I was always a different person. I disagree with everything. I disagree with everything. Everything I heard I disagree with. At 14, I made a statement that I was going to do something to help humanity. But when I made that statement, I also knew that I was going to come up against the established or prevailing philosophy of life. That I knew at 14 years of age. I didn't know that one day that I will become the person that I'm known for today — the healer. I didn't know that.

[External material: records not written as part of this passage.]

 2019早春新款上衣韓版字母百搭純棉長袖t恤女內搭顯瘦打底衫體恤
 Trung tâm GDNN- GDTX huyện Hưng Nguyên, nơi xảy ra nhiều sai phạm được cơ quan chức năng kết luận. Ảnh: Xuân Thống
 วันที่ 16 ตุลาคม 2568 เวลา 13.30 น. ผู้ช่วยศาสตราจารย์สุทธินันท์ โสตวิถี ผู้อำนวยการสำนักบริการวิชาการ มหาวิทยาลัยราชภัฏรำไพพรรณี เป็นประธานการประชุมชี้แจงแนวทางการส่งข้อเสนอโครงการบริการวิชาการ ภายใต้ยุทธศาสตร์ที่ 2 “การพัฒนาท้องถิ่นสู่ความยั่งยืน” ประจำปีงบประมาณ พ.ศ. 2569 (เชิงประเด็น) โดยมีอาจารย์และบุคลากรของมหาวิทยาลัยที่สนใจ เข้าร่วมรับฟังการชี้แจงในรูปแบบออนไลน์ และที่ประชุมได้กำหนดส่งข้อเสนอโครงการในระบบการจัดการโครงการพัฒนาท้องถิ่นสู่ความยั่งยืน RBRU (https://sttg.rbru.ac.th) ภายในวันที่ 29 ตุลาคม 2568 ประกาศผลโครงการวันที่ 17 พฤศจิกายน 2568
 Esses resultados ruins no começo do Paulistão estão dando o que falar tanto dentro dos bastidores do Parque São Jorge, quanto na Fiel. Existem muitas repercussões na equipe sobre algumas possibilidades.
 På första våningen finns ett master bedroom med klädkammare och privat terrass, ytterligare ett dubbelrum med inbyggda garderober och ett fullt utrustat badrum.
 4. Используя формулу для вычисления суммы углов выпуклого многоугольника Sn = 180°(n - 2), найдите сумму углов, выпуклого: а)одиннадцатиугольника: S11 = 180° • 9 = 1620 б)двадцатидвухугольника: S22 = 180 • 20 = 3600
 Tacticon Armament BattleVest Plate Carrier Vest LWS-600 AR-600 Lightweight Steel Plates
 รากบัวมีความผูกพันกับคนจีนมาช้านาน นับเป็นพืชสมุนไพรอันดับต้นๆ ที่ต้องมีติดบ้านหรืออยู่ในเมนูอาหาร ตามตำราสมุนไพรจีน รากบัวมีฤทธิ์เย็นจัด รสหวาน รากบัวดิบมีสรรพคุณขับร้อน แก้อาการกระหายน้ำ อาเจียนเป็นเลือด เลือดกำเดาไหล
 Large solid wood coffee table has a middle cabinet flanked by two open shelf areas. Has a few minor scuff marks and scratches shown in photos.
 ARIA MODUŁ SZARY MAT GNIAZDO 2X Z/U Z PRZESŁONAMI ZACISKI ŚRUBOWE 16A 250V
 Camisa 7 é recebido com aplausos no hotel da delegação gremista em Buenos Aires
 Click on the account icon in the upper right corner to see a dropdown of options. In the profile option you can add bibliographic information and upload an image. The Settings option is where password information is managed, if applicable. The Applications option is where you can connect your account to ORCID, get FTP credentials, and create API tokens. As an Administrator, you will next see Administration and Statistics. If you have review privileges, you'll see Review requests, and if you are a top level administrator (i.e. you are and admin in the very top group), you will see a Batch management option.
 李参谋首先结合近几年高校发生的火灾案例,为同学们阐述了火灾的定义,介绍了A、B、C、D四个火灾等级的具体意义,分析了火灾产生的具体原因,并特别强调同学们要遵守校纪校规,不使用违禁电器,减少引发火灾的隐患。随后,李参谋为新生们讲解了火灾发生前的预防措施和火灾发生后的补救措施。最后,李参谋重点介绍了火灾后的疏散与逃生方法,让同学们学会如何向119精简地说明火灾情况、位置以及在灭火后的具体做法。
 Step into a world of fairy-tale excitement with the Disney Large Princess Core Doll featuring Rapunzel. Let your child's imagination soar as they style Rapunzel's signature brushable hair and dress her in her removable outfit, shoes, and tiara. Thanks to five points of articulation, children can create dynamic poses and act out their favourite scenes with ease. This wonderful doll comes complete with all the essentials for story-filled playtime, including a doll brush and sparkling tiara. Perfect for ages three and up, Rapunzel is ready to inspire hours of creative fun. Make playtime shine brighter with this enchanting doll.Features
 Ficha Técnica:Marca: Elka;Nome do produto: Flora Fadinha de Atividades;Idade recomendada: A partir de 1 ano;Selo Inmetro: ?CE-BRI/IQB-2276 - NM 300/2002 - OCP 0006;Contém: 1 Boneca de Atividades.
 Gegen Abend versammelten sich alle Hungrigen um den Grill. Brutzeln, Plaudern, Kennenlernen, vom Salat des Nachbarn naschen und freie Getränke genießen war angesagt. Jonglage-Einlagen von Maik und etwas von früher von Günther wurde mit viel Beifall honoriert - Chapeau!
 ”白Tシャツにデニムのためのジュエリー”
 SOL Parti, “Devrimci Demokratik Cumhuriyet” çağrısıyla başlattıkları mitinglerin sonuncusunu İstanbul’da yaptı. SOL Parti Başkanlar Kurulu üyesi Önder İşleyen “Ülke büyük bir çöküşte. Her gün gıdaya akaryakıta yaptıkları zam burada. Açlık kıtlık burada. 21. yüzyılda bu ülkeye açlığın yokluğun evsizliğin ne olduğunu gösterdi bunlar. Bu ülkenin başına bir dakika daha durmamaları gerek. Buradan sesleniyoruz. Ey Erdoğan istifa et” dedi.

Before I became the healer, I said I was going to do something for the Black women of the world, because she's the one that has been disenfranchised, dejected and rejected by everyone, including us. What was that something was going to be? I didn’t know. I was a merchant seaman then. [At 27], little did I know that I was going to be a healer. Ladies and gentlemen, I was suffering asthma, diabetes. I was impotent. I was angry. Very, extremely angry. With the help of Mexican people, I was cured. I decided to enter the field of natural medicine. [This Mexican] was so grounded that he took your brother Sebi and healed him. That Mexican prepared me for you. You see the connection? Being a steam engineer, I knew that the pH value, the pH factor had a lot to do with healing. I begin to check the pH of all the Earth. I begin to test it. I test comfrey: acid. I test garlic: acid. I also tested aloe vera, St. John’s wort, rose hips, comfrey, all of these things are very acid. I quit my job and said, "I'm going to heal the world." I'm going to make everybody happy. When I told my mama that I had cured my 13th AIDS patient, she said, "They're gonna get you." How did [I] cure AIDS? [I] removed the mucus from the system and build the body back up. But they say, “What? It’s [a] virus.” I say no, never been. It’s mucus. The judge said, “Dr. Sebi, why do you give everybody the same medicine? I said, “Because there's only one disease.” “One disease?!” the doctor said. “I told you this man is unscientific. And he's insane.”

I am unscientific. I repeat, there is only one disease.